INTRODUCTIONIn 1880, Graefe described a child with inexpressive face, representing the first description of Moebius sequence13. From then on, other similar cases were reported, and the main clinical characteristics were: bilateral facial paralysis, converging strabismus, tongue and masseter atrophy, micrognatia, equinovarus, syndactyly and arthrogryposis. Other less frequent manifestations are soft palate paralysis, deafness, mental retardation (in less than 15 % of the cases), cleft palate, dextrocardia and ventricular septum defects5,6,7.
Although etiology of Moebius sequence has not been defined yet, drug induction has played a key role, based on the frequent reports of mother who claimed they had used misoprostol in the early stages of pregnancy. It is a drug that belongs to prostaglandin E1 category, marketed as Cytotec®, which is originally indicated for the treatment of gastric and duodenal ulcer. One of the side effects of the drug is uterine contractions and vaginal hemorrhage, responsible for many cases of abortion; from that fact stems the illegal use of the drug to provoke abortion of an undesirable pregnancy5,13,14. However, if the abortion fails, the pregnancy proceeds with the effects of the medication on the fetal development.

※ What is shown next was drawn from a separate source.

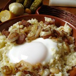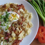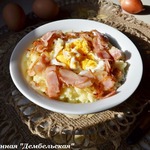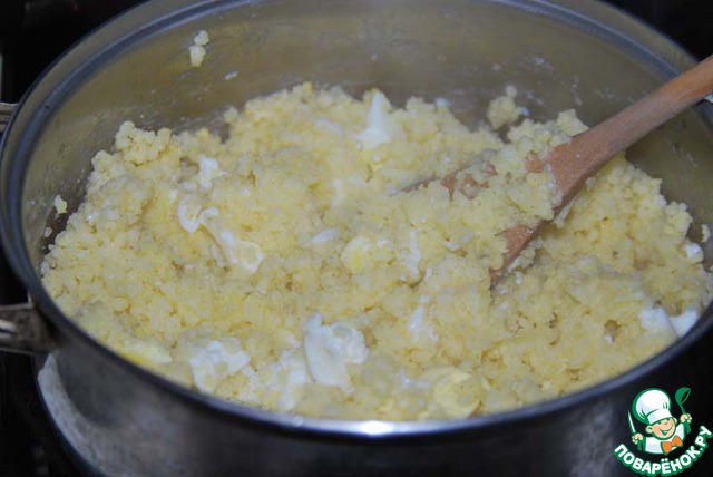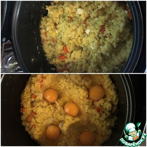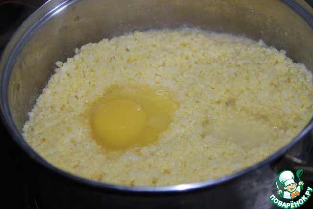 За 10 минут до окончания варки пшена в каше делаем углубления и разбиваем в них сырые яйца.

The ENT repercussions of Moebius sequence, secondary to cranial nerve paralysis, involve key motor and sensorial functions, such as suction, mastication, facial mimics, articulation and hearing, requiring a multidisciplinary approach for diagnosis and management.

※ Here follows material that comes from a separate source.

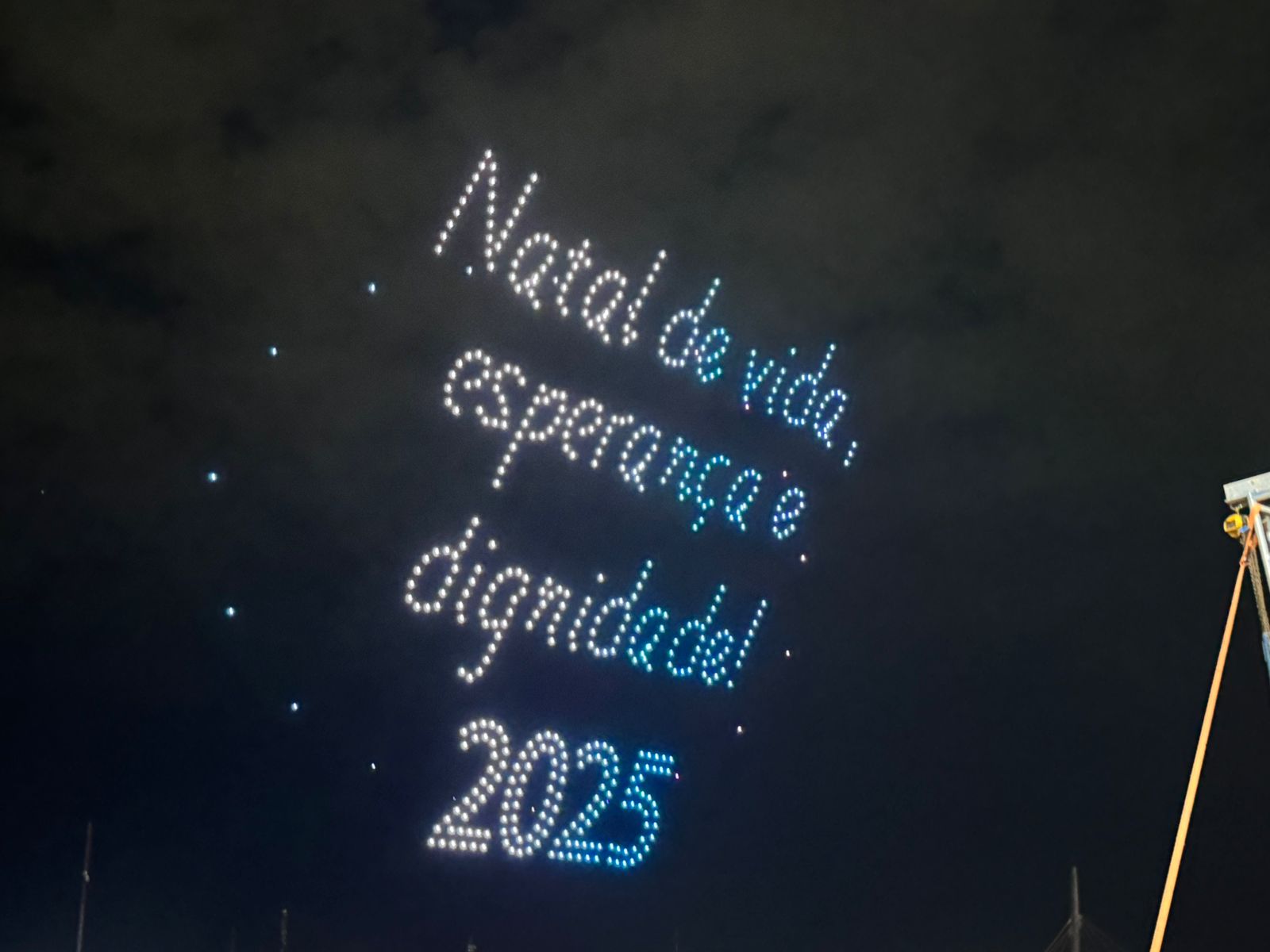 Durante a apresentação, os drones formaram as mensagens “Feliz Natal” e “Natal de vida, esperança e dignidade”, arrancando aplausos e reações emocionadas do público. Em seguida, as luzes deram forma a símbolos tradicionais da data, como o Papai Noel e o Menino Jesus, além da Estrela de Davi, representando o nascimento de Cristo e a fé que envolve o período natalino.

Owing to the constellation of clinical manifestations and the variable expressions of Moebius sequence, we decided to carry out a study with such patients to record the main physical alterations and the consequent functional limitations, in addition to hearing acuity and detection of possible etiological factors.
MATERIAL AND METHODThe studied group consisted of 5 Moebius sequence children, aged from one year and twelve months to twelve years, seen at the Ambulatory of Otorhinolaryngology and Head and Neck Surgery at Faculdade de Medicina de Botucatu (Unesp). After approval of the protocol by the Ethics Committee and the signature of the informed consent by the parents, children were submitted to complete general and ENT physical examinations, including hearing tests. All the children had been submitted to genetic evaluation to confirm diagnosis.

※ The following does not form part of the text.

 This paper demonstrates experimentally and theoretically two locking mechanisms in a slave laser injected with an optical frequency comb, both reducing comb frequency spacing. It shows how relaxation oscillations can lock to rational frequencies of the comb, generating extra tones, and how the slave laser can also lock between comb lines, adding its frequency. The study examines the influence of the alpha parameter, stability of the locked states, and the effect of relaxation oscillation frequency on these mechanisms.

Based on data provided by the medical files and interviews with the parents, we collected data concerning the potential etiological factors involved in the development of congenital anomalies.
In the hearing assessment, children under the age of two years were submitted to behavioral tests with calibrated noisemakers. Children over 2 years were tested with pure tone conditioned or conventional audiometry (audiometer Madsen OB822), depending on the level of understanding and the reliability of responses. All children were submitted to immitanciometry (Amplaid 75) and auditory brainstem evoked potential (ABR). ABR was carried out with the device brand Nihon Koden (MEB 7102 k). Positive electrodes were fixed on the forehead and negative electrodes were fixed on retroauricular regions, after scrubbing with alcohol and abrasive substance. The grounding electrode was placed on the wrist. Stimulation was monoaural, at 85 dB, with 40 dB contralateral masking. We used 2,000 sweeps, duration of 10 ms, repeated by confirmation or reproducibility of waves. The intensity of stimulus was increased up to 100 dB if there were no recordings at 85 dB.
RESULTSThere were three male and two female patients, aged 1y2m to 12 years. The use of misoprostol at early pregnancy stages were reported by four mothers and ignored by one.
Table 1 lists the most marked alterations, observed in the physical examination of all evaluated children: bilateral facial paralysis, unilateral masseter atrophy, dental malocclusion, retraction and/or thickness of tympanic membrane, equinovarus, oblique palpebral fissure and tongue atrophy. Other less frequent alterations were micrognatia, converging strabismus, soft palate paralysis, syndactyly and low implantation of ears.
Table 2 summarizes the results of otoscopy and hearing assessment. Otoscopy was altered in all children, with variable degrees of retraction and/or thickness of tympanic membrane. Signs of auditory tube obstruction were evidenced by tympanometry, through curves C or B, present in all children. Audiometric tests revealed conductive hearing loss in three children and mixed hearing loss in one case (Case 4), who presented a significant degree of tympanic membrane retraction. Behavioral tests with noise-makers were used in only one child, aged 1 year and 2 months (case 1), who responded correctly to all stimuli.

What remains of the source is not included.